Most importantly, our strict compliance doctrine only requires compliance with the regulations and statutes governing the process of foreclosure. See Independence Fed., 573 A.2d at 788 (requiring strict compliance with "trust deed foreclosure statutes"). We see no basis for expanding our "strict compliance" doctrine to also require compliance with a recordation requirement designed to ensure the collection of municipal taxes. Accordingly we hold that Wells Fargo's failure to comply with D.C. Code § 47-1431 (b) does not affect its ability to foreclose on Rose's property.
Next, Rose argues that Wells Fargo failed to comply with D.C. Code § 42-101 (a) (2013), which provides that "all powers of attorney executed in accordance with this section shall contain" certain text "on the top of the front page, in bold and capital letters." On this claim, we agree with the trial court's conclusion that Rose lacked standing to challenge the omission of the statutorily required language from the power of attorney form that delegated authority from Wells Fargo to its agent "because she cites no injury to herself fairly traceable to the violation, and she asserts no interests that fall within the zone of interests to be protected or regulated by the statute in question." See Grayson v. AT&T Corp., 15 A.3d 219, 234-35 (D.C. 2011) (en banc) ("[A] plaintiff's complaint [must] fall within the zone of interests protected by the law invoked." (internal quotation marks and citations omitted)); see also Culhane v. Aurora Loan Servs., 708 F.3d 282, 291 (1st Cir. 2013) (mortgagers in non-judicial foreclosure proceedings only have standing to challenge void, but not voidable, assignments by the mortgagee).

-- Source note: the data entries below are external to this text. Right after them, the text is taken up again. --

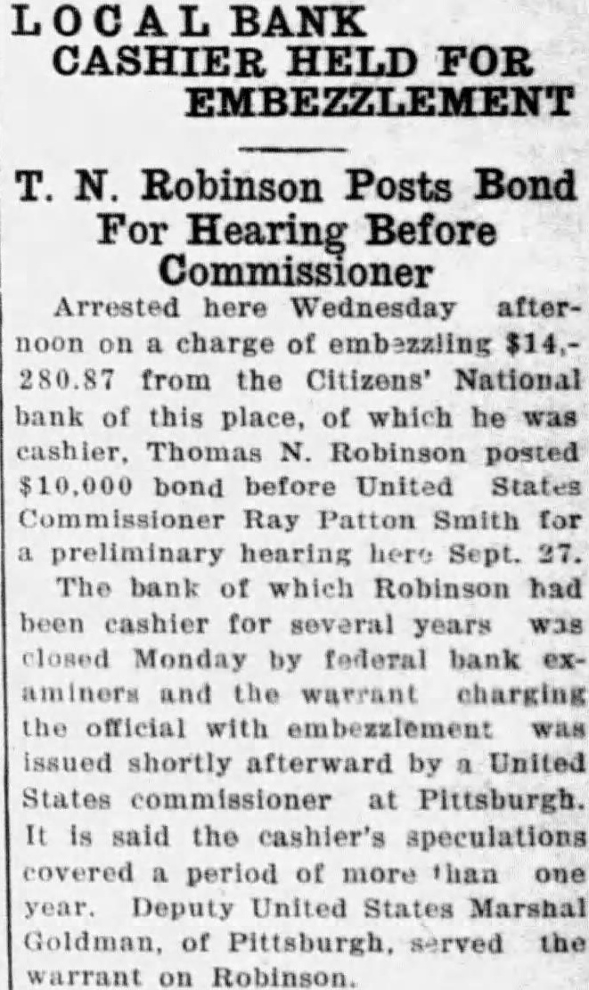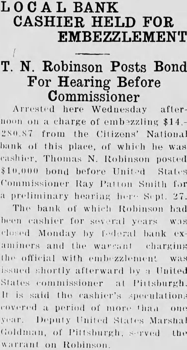 T. N. Robinson Posts Bond For Hearing Before Commissioner Arrested here Wednesday afternoon on a charge of embezzling $14,280.87 from the Citizens' National bank of this place, of which he was cashier, Thomas N. Robinson posted $10,000 bond before United States Commissioner Ray Patton Smith for a preliminary hearing here Sept. 27. The bank of which Robinson had been cashier for several years was closed Monday by federal bank examiners and the warrant charging the official with embezzlement was issued shortly afterward by a United States commissioner at Pittsburgh. It is said the cashier's speculations covered a period of more than one year. Deputy United States Marshal Goldman, of Pittsburgh, served the warrant on Robinson.
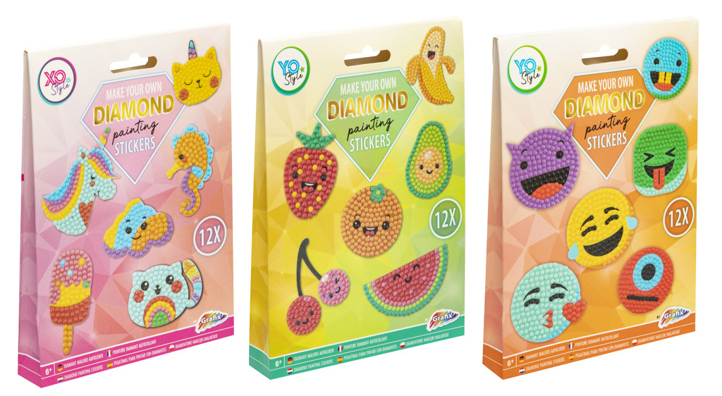 Výroba samolepek „Diamond“ – udělej si svoje vlastní samolepky. Balení obsahuje samolepky – 12 ks, kamínky a aplikátor. Ve třech různých provedeních.
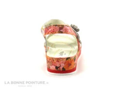 Ce nu-pieds mode Femme avec semelle lĂ©gĂšre mĂ©lange deux imprimĂ©s, l’un tachetĂ© de bleu et d’orange sur fond blanc et l’autre aux tons de rouge, de rose et de bordeaux.
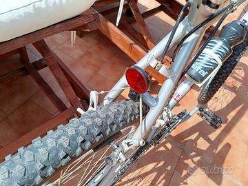 Cedo per inutilizzo bellissima bicicletta mountain bike vintage del 1990, marca Bottecchia, modello 883 R Taiga. In ottime condizioni estetiche, pronta all'uso. Revisionata: Cambiate gomme originali con pneumatici da sterrato 2.10 pollici, pastiglie freni nuove, pulita e lubrificata nelle parti meccaniche, cambio Shimano Alivio a 21 rapporti (3 X 7) perfettamente registrato e sostituito il rivestimento in ecopelle del sellino originale. Misura XL per persone alte da 1,75 m a 1,90 m. Completa di tutti gli accessori originali + computer contachilometri digitale a filo, in coerenza con l'epoca della bicicletta. Usata pochissimo e sempre su strada asfaltata: mai praticato ciclocross o fuoristrada. Le immagini pubblicate corrispondono esattamente all'oggetto nello stato in cui è oggi. P.S.: La borraccia visibile in foto non è compresa nella vendita.
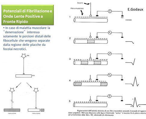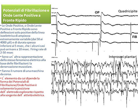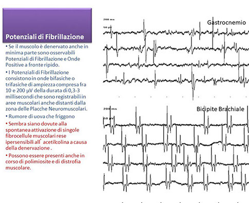 Se il muscolo è denervato anche in minima parte sono osservabili Potenziali di Fibrillazione e Onde Positive a fronte ripido. I primi consistono in onde bifasiche o trifasiche di ampiezza compresa fra 10 e 200 µV della durata di 0,3-3 millisecondi che sono registrabili in aree muscolari anche distanti dalla zona delle Placche Neuromuscolari. Il suono che fanno agli altoparlanti è caratteristico e assomiglia molto a quello prodotto dalle uova che friggono in un tegame. Sono dovute alla spontanea attivazione di singole fibrocellule muscolari rese ipersensibili all’acetilcolina dalla denervazione e possono essere presenti anche in corso di polimiosite e di distrofia muscolare. In questi ultimi due casi la “denervazione” interessa solamente le porzioni distali delle fibocellule che vengono separate dalla regione delle placche da focolai necrotici.
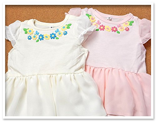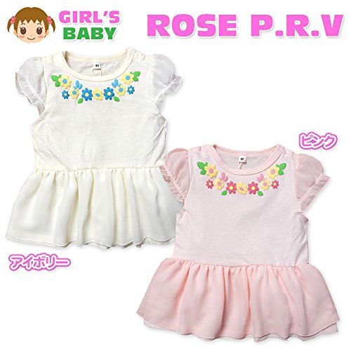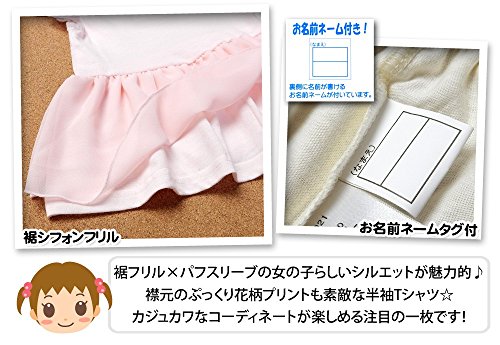 (アイボリー/90cm)ベビー服 女の子 Tシャツ シフォン切替 パフスリーブ 裾フリル 花柄 発泡プリント 女児 ベビー
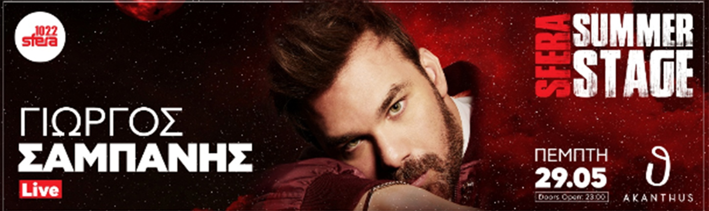 Αυτή την Πέμπτη, μοναδικός Γιώργος Σαμπάνης ανεβαίνει στη σκηνή του Sfera Summer Stage και υπόσχεται μία βραδιά γεμάτη συναίσθημα, ενέργεια και τις μεγαλύτερες επιτυχίες του!
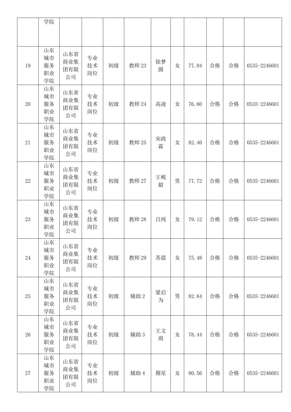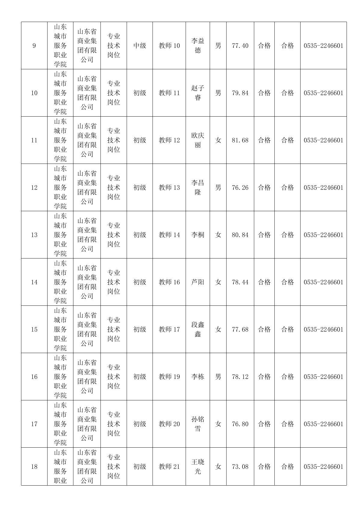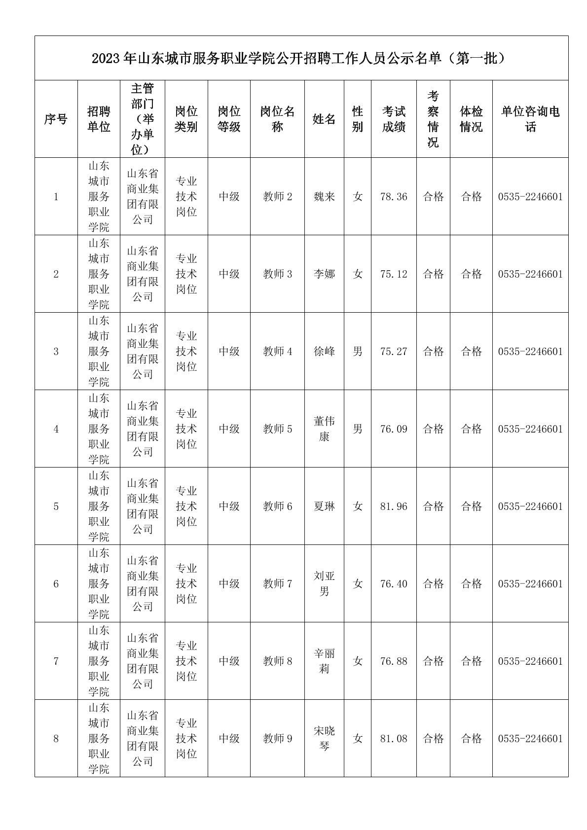 根据《中共山东省委组织部、山东省人力资源和社会保障厅关于印发2023年度省属事业单位公开招聘工作实施方案的通知》(鲁人社发〔2022〕23号)等相关规定,山东城市服务职业学院经过公开招聘报名、考试、考察、体检等工作,现对拟聘用人员(第一批)进行公示,公示期为7个工作日,自2023年11月20日至2023年11月28日(不含节假日)。公示期间,如对公示人选有异议,请及时向山东省商业集团有限公司反映。
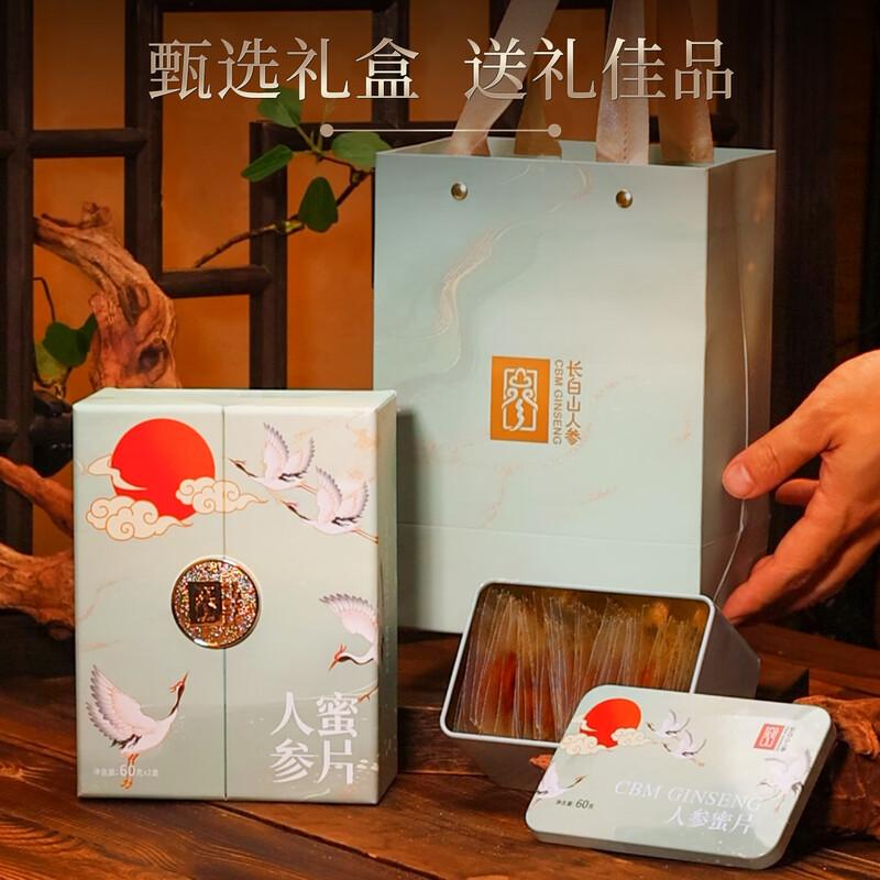 质地饱满,参香四溢;可切片含服、泡水喝、煲汤等;精致礼盒参情厚谊
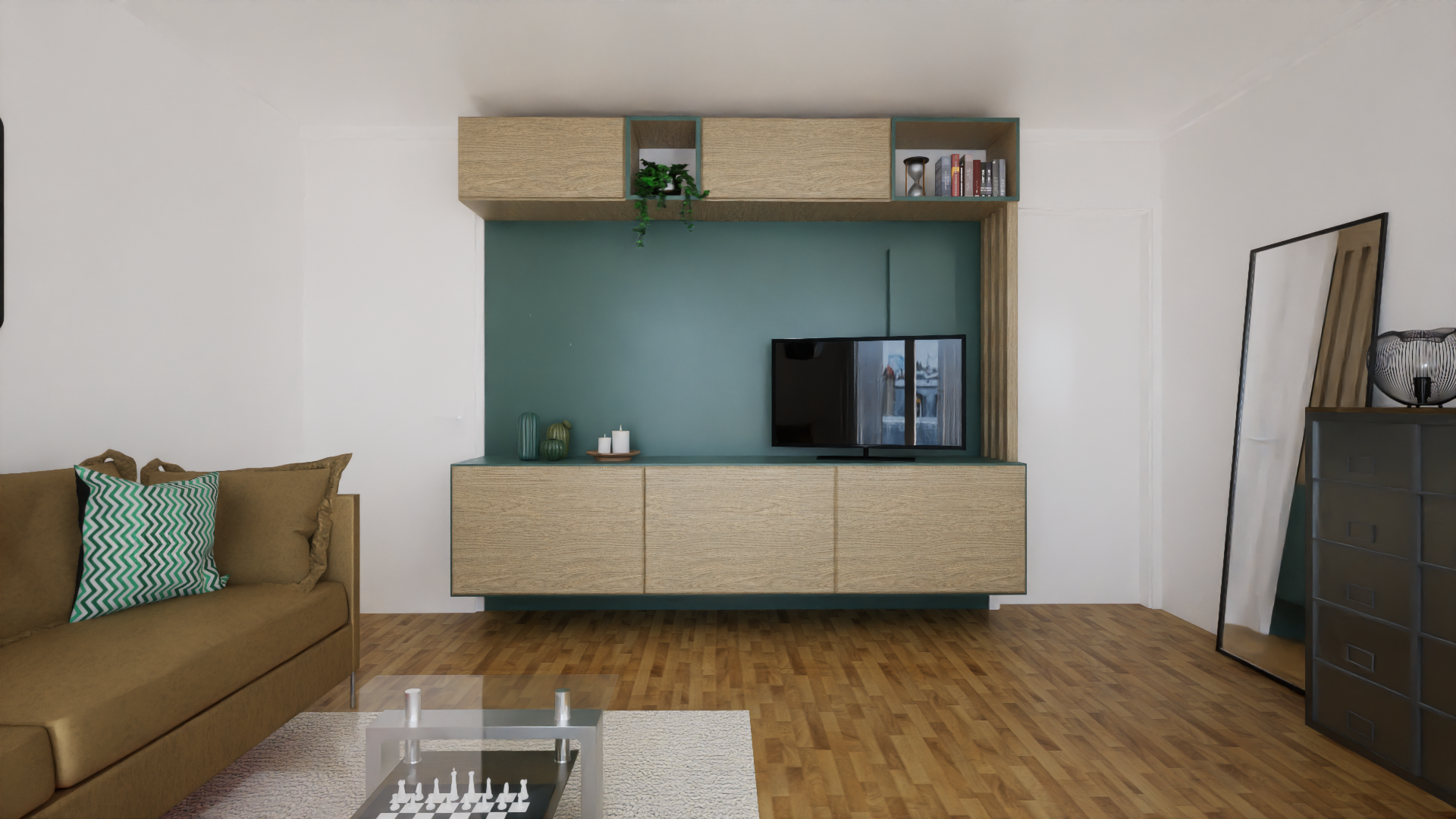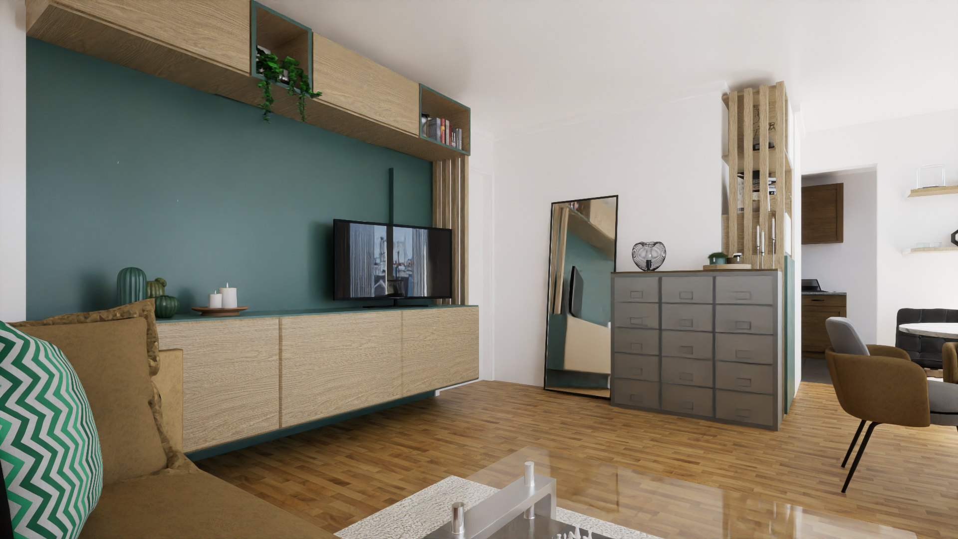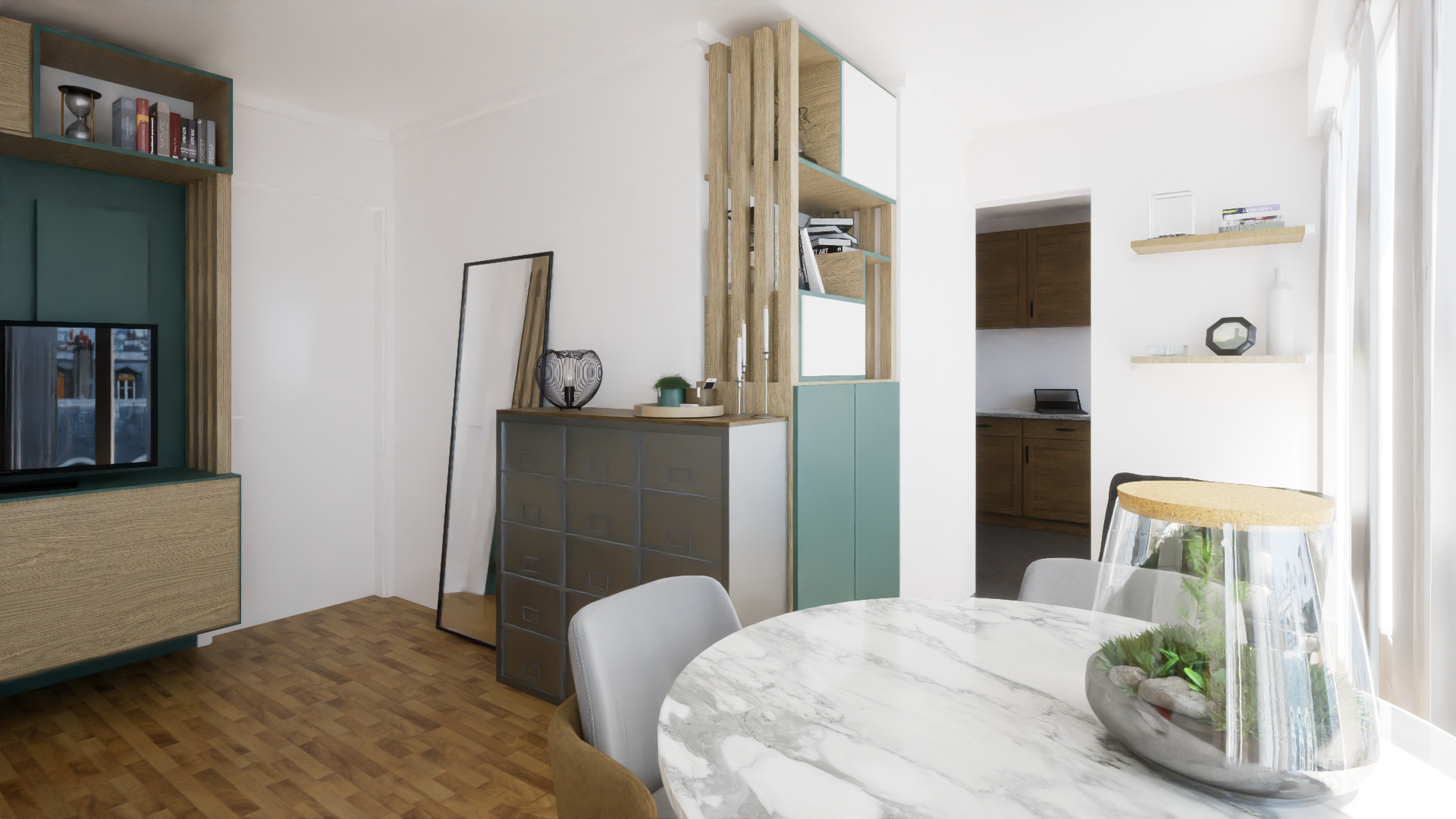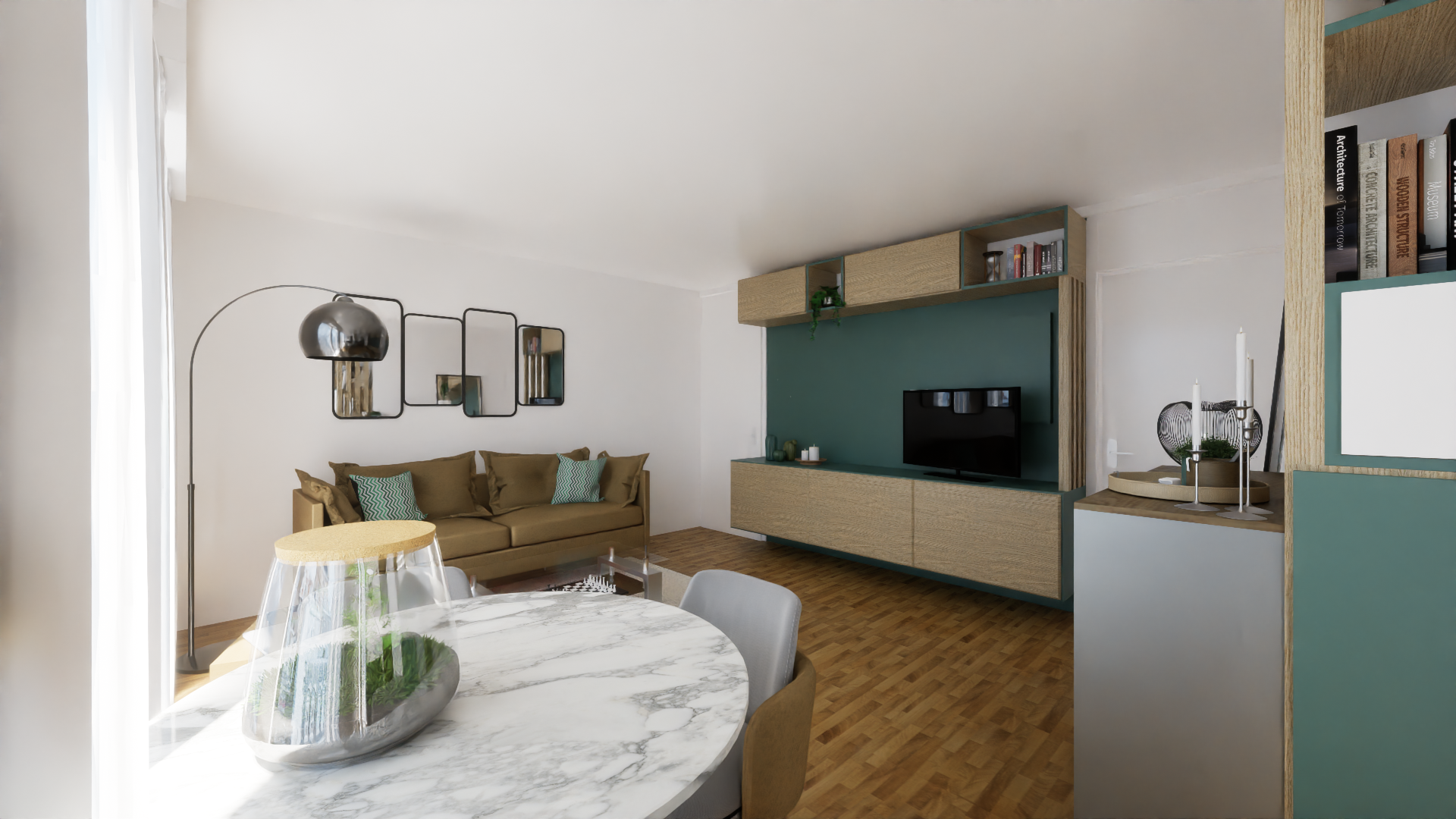 Dans le salon, un meuble TV intégré, accompagné d'une petite claustra, offre une séparation subtile avec l'entrée. Une bibliothèque a été dessinée sur mesure pour combler un espace mural peu exploitable, apportant à la fois des rangements supplémentaires et une petite penderie en partie basse. Le choix audacieux d'un vert profond contrasté avec les murs blancs, met en valeur les éléments centraux de la pièce et ajoute une certaine profondeur à l'espace. Associé au bois, il apporte à la fois chaleur et sophistication.
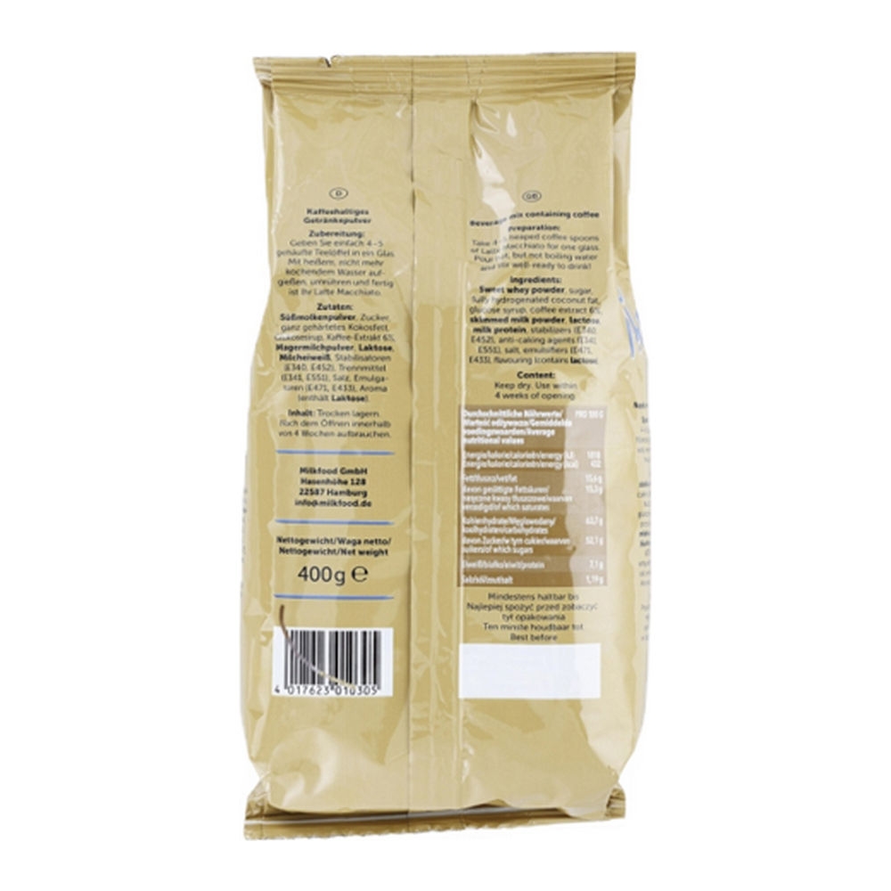 Met Milkfood latte macchiatio maakt u heerlijke latte macchiato in een hand omdraai! Eenvoudig een latte macchiato maken door 4-5 theelepels in een glas te doen. Hierna voegt u heet, niet meer kokend water toe, even roeren en klaar! Een heerlijke Latte Macchiato.

Finally, we address Rose's claims under the Consumer Protection Procedures Act (or "CPPA"), codified at D.C. Code § 28-3901 to 3913 (2013). In her complaint, Rose argued that Wells Fargo's various failures to comply with the statutory requirements related to recordation of interests and notices of foreclosure, including the provision of the substitute trustee's address discussed supra, constituted "unlawful trade practices" in violation of D.C. Code § 28-3904 (e) and (f). Those provisions bar, respectively, misrepresentations and omissions of a "material fact." We agree with the trial court's conclusion on this claim. As we have explained, the use of the agent's address for the holder's did not compromise the notice's validity. Therefore, this use cannot be considered a "material" misrepresentation or omission. Cf. Grayson, supra, 15 A.3d at 251 (no material misrepresentation or omission where consumers were not deprived of product's value and missing information was not relevant to reasonable consumer's purchasing decision). Similarly, Wells Fargo's failure to record its interest did not affect its right to foreclose on the property, and so again we perceive no "material" omission or misrepresentation. In sum, we see no merit to Rose's claims that the trial court erred when it granted judgment on the pleadings to Wells Fargo on the CPPA claims.
However, in closing on this note, we must make one final comment about this case. Close attention to the legal requirements of recordation and what must be contained in different types of notices and instruments could save those in the home lending business (and the court system) from protracted litigation where they are forced to explain away violations of a variety of District statutes and regulations. It is only because none of Wells Fargo's conduct affected the foreclosure process in any material way or appears to have actually harmed Rose in any way whatsoever that we now affirm the trial court's orders dismissing portions of the complaint and granting summary judgment.